Today, a vascular surgeon who grew up in New Orleans and developed an affinity for “Satchmo” aspires to be a standout in a whole different field, as the head of a drug development startup named for the historic thoroughfare.
South Rampart Pharma is working to develop an oral small molecule non-opioid pain treatment which has generated early positive clinical data as a therapy for acute and chronic pain, as well as preclinical studies in diabetic and chemotherapy neuropathy.
“We’re giving homage to jazz, where jazz was born, and all of that stuff being from New Orleans,” Hernan A. Bazan, MD, South Rampart Pharma’s CEO, told GEN. Bazan co-founded the company with his son Nicolas G. Bazan, MD, PhD, professor and director of LSU’s Neuroscience Center of Excellence.
A spinout from Louisiana State University (LSU) Health New Orleans School of Medicine, from which it licenses technology, South Rampart is developing non-opioid analgesics led by an oral form of its sole pipeline candidate SRP-001. The Phase II-ready non-NSAID (non-steroidal anti-inflammatory drug) is an AM404 agonist designed to target the endocannabinoid (CB1) pain receptors in the brain.
SRP-001 is designed to eliminate the hepatotoxicity associated with acetaminophen (ApAP), as well as avoid kidney and gastrointestinal dose-limiting effects since it is not an NSAID. And with its non-opioid profile, South Rampart asserts, SRP-001 enjoys a lower potential for abuse than opioids. South Rampart developed SRP-001 as a new chemical entity in collaboration with Julio Alvarez-Builla, PhD, an emeritus professor at University of Alcalá in Spain.
Toxicity-free mechanism
In July, a team of researchers led by Bazan and his son published a paper detailing how SRP-001 alleviated pain without common toxicities associated with current analgesics. The study showed SRP-001 to modulate specific genomic and epigenomic pathways exclusively within a key center for pain modulation, the periaqueductal gray (PAG) region of the midbrain.
Specifically, SRP-001 was shown to work by generating AM404, a metabolite that potently activates the capsaicin receptor or Transient Receptor Potential Vanilloid subtype 1 (TRPV1) within the PAG, triggering a well-characterized central analgesic cascade involving CB1 receptors.

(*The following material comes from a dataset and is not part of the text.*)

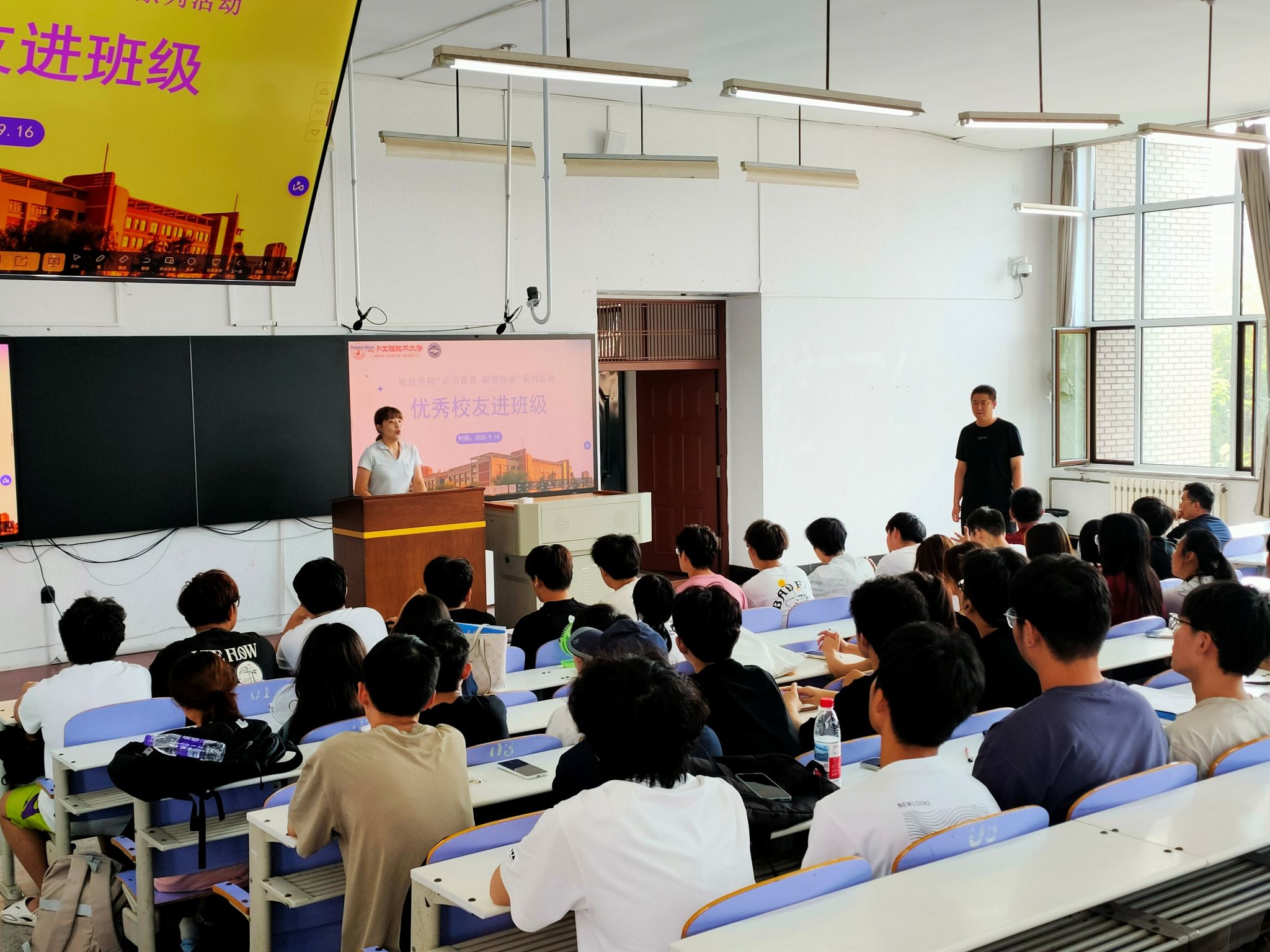 在尔雅208教室开展“优秀校友进班级”主题活动。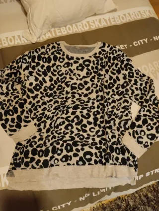 Jersey de mujer con un llamativo estampado de leopardo. Su diseño lo hace perfecto para añadir un toque salvaje a tu armario. - Diseño de leopardo. - Cuello redondo. - Manga larga.

According to Bazan, his son, and colleagues, that central mechanism effectively attenuates pain perception and restores neuronal interactions disrupted by inflammatory pain, results that they say highlight SRP-001’s potential to offer pain relieving benefits and sustained neuronal health beyond conventional peripheral-only analgesics.
“In place of the hepatotoxic ApAP, nephrotoxic NSAIDs, and addictive opioids, we have developed a safe, non-hepatotoxic and non-addictive alternative by eliminating the formation of the damaging secondary metabolite NAPQI [N-Acetyl-p-Benzoquinone Imine],” the Bazans and their colleagues reported.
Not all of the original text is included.